• Task to carry out:
Copy exactly the lines from the beginning of the data down to and including the line holding "I used a vintage", without any pictures.

Data excerpts
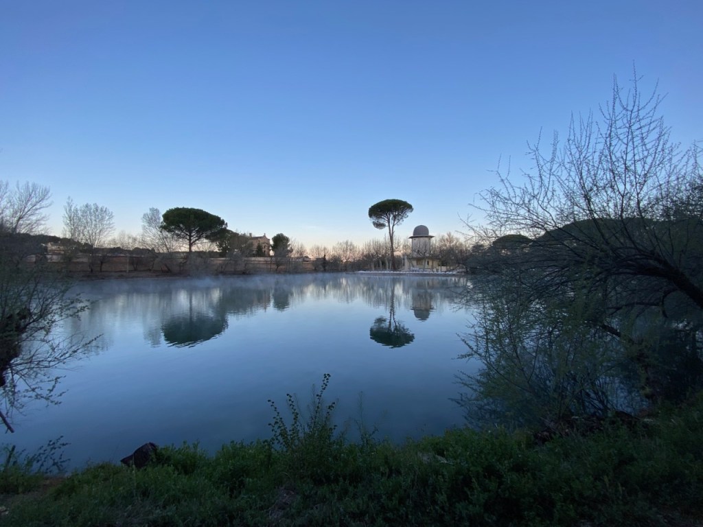 Lopulta löysin mielenkiintoisen, aika tuntemattoman kohteen vajaan 2 tunnin ajomatkan päässä. Pieni kylä nimeltä Alhama de Aragon, jossa on sellainen erikoisuus kuin lago termal eli järvi johon vesi tulee ns. kuumasta maanalaisesta lähteestä. Järven ympärille on rakennettu neljä kylpylähotellia, joiden kylpylöissä tietysti käytetään samaa lämmintä mineraalipitoista lähdevettä. Vastaavanlaisia kylpylöitä eli balnearioita on Espanjassa itse asiassa valtava määrä mutta erikoiseksi tuon paikan tekee ehdottomasti tuo järvi.
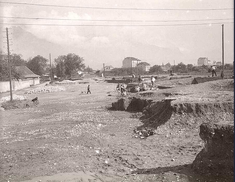 Erasement vers 1932 des remparts entre le parc Paul Mistral et le chemin d'Echirolles (Avenue de Stalingrad). Au loin la tour Perret
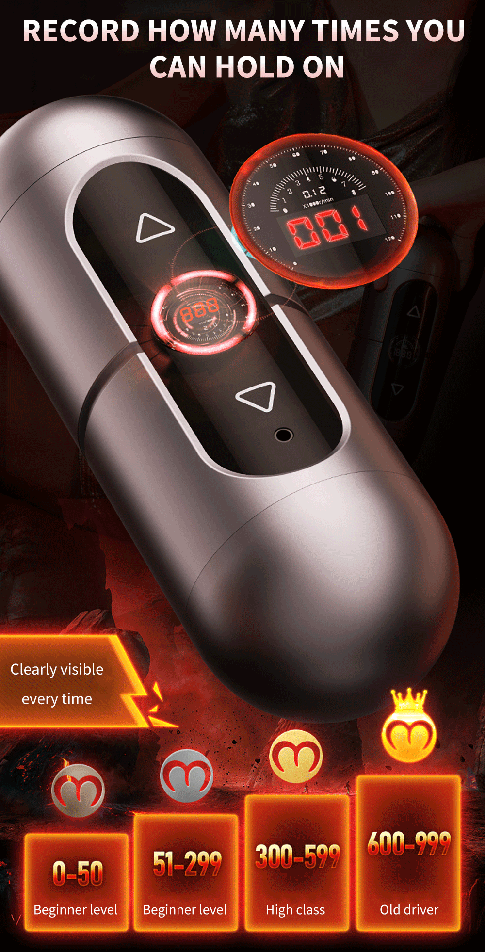 – Màn hình LCD thể hiện số lần rung nhấp, hãy thử xem bao lâu thì bạn không thể nhịn nổi và phải xuất tinh nhé.
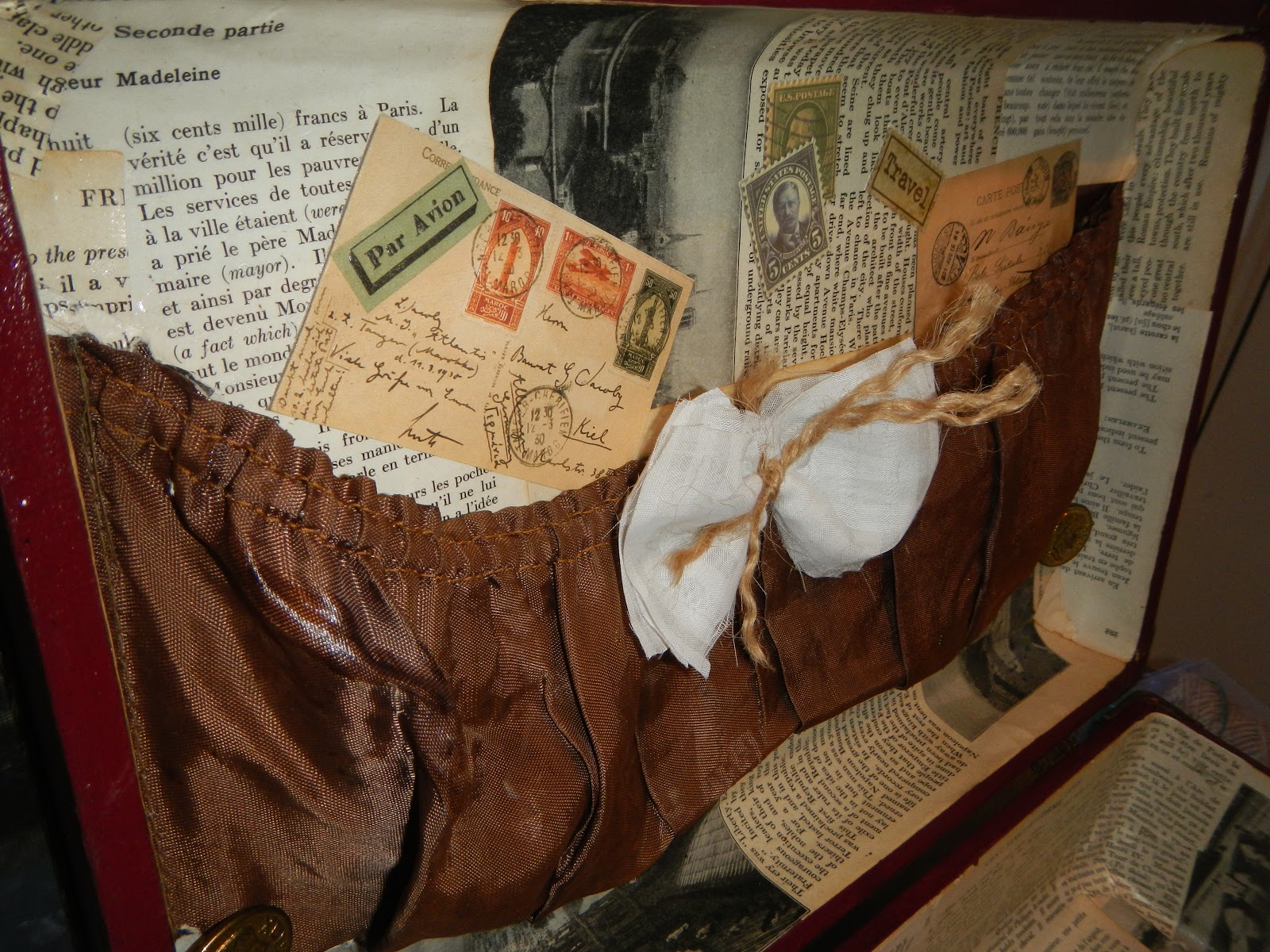 I used a vintage french school book to line the inside and added a bit of charm with some postcard stickers, a bow and some twine.
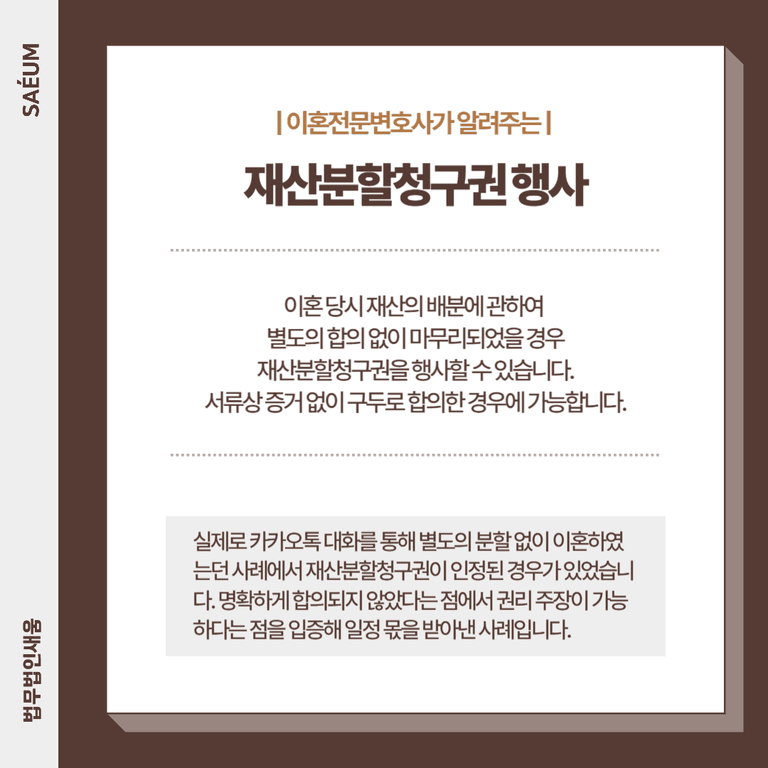 실제로 제가 담당하였던 사례 중에서, 의뢰인께서 카카오톡 대화를 통해 별도의 분할 없이 이혼하였는데 나중에 재산을 청구할 수 있는지 문의하신 경우가 있었습니다. 명확하게 합의가 되지 않았다는 점에서 권리를 주장할 수 있음을 입증하여 일정 몫을 받으셨습니다.
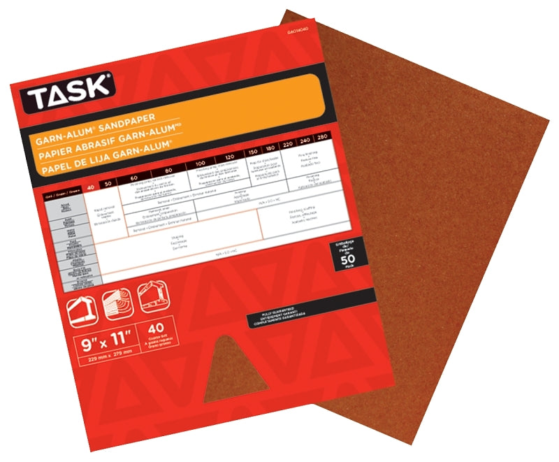 TASK Garn-Alum GAO14040 Sandpaper, 11 in L, 9 in W, Coarse, 40 Grit, Aluminum Oxide Abrasive, Kraft Paper Backing
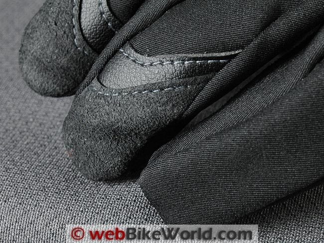 The fingertips of the middle finger, third finger and pinky finger and the side of the hand have a covering of what feels like a nubuck or roughout type of leather.
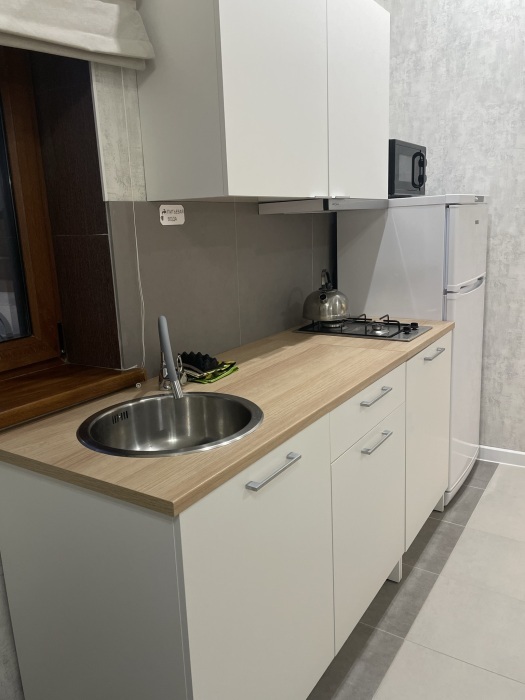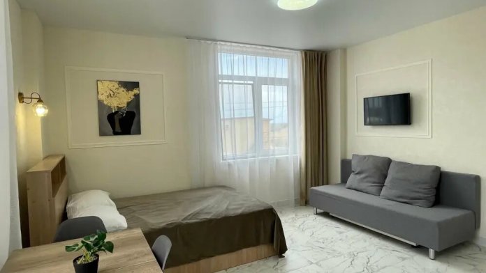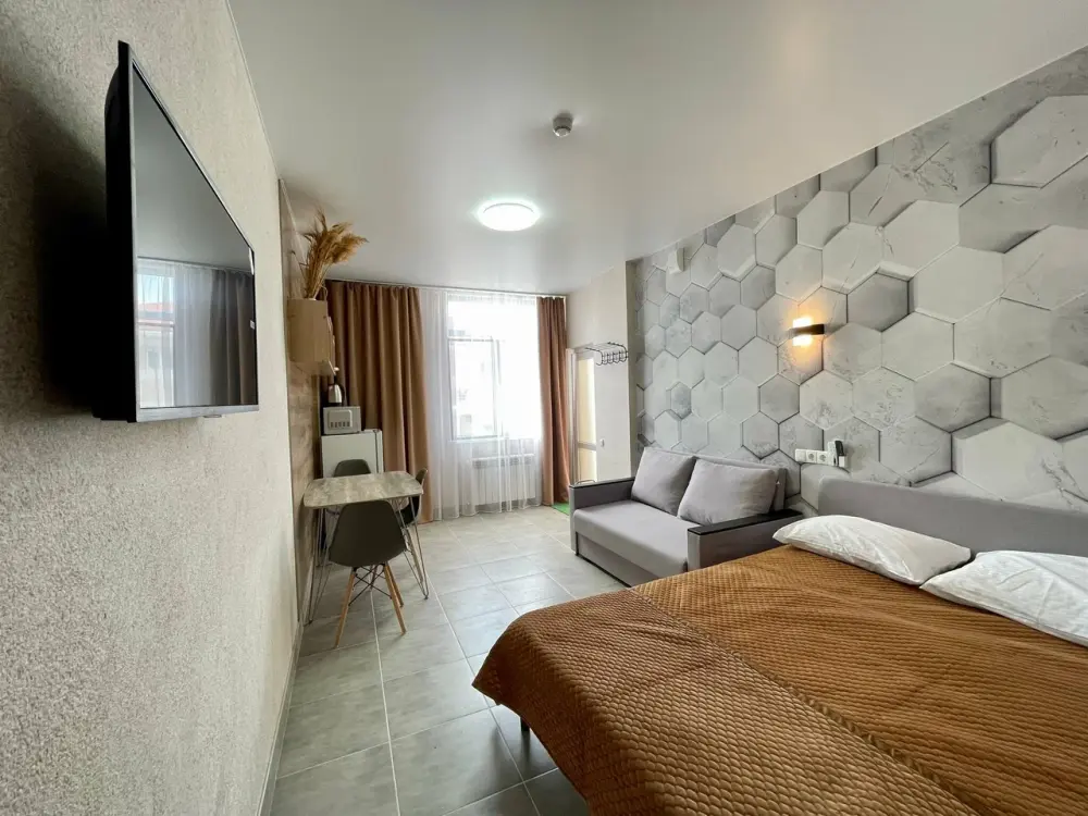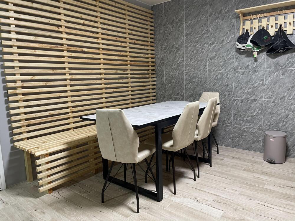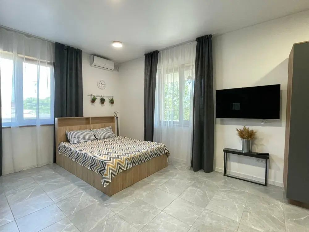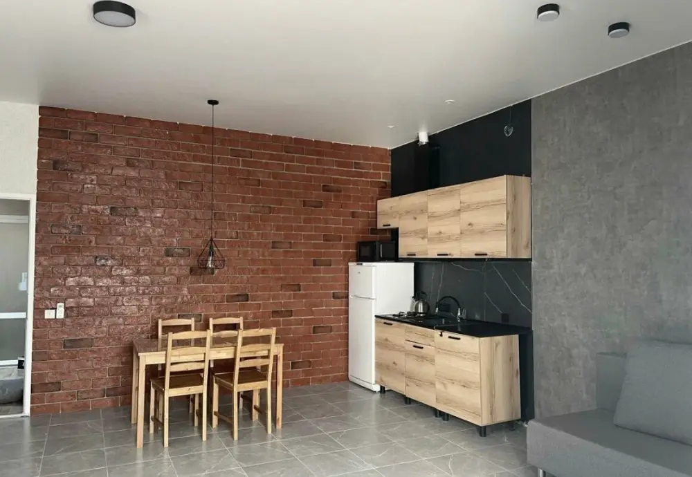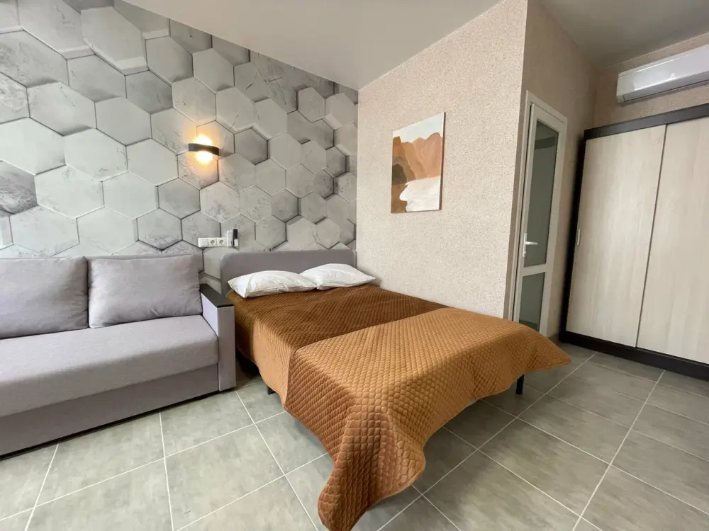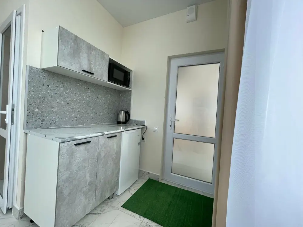 Большая кровать 140х200, двуспальный диван, шкаф, стол, стулья, холодильник, микроволновая печь, чайник. Постельное бельё, банные принадлежности. Бесплатно подогреваемый бассейн, шезлонги, беседка. Стирка, сушка, утюг. Парковка с видеонаблюдением. Хаммам и баня на территории за доп. плату.

• Result:
 Lopulta löysin mielenkiintoisen, aika tuntemattoman kohteen vajaan 2 tunnin ajomatkan päässä. Pieni kylä nimeltä Alhama de Aragon, jossa on sellainen erikoisuus kuin lago termal eli järvi johon vesi tulee ns. kuumasta maanalaisesta lähteestä. Järven ympärille on rakennettu neljä kylpylähotellia, joiden kylpylöissä tietysti käytetään samaa lämmintä mineraalipitoista lähdevettä. Vastaavanlaisia kylpylöitä eli balnearioita on Espanjassa itse asiassa valtava määrä mutta erikoiseksi tuon paikan tekee ehdottomasti tuo järvi.
 Erasement vers 1932 des remparts entre le parc Paul Mistral et le chemin d'Echirolles (Avenue de Stalingrad). Au loin la tour Perret
 – Màn hình LCD thể hiện số lần rung nhấp, hãy thử xem bao lâu thì bạn không thể nhịn nổi và phải xuất tinh nhé.
 I used a vintage french school book to line the inside and added a bit of charm with some postcard stickers, a bow and some twine.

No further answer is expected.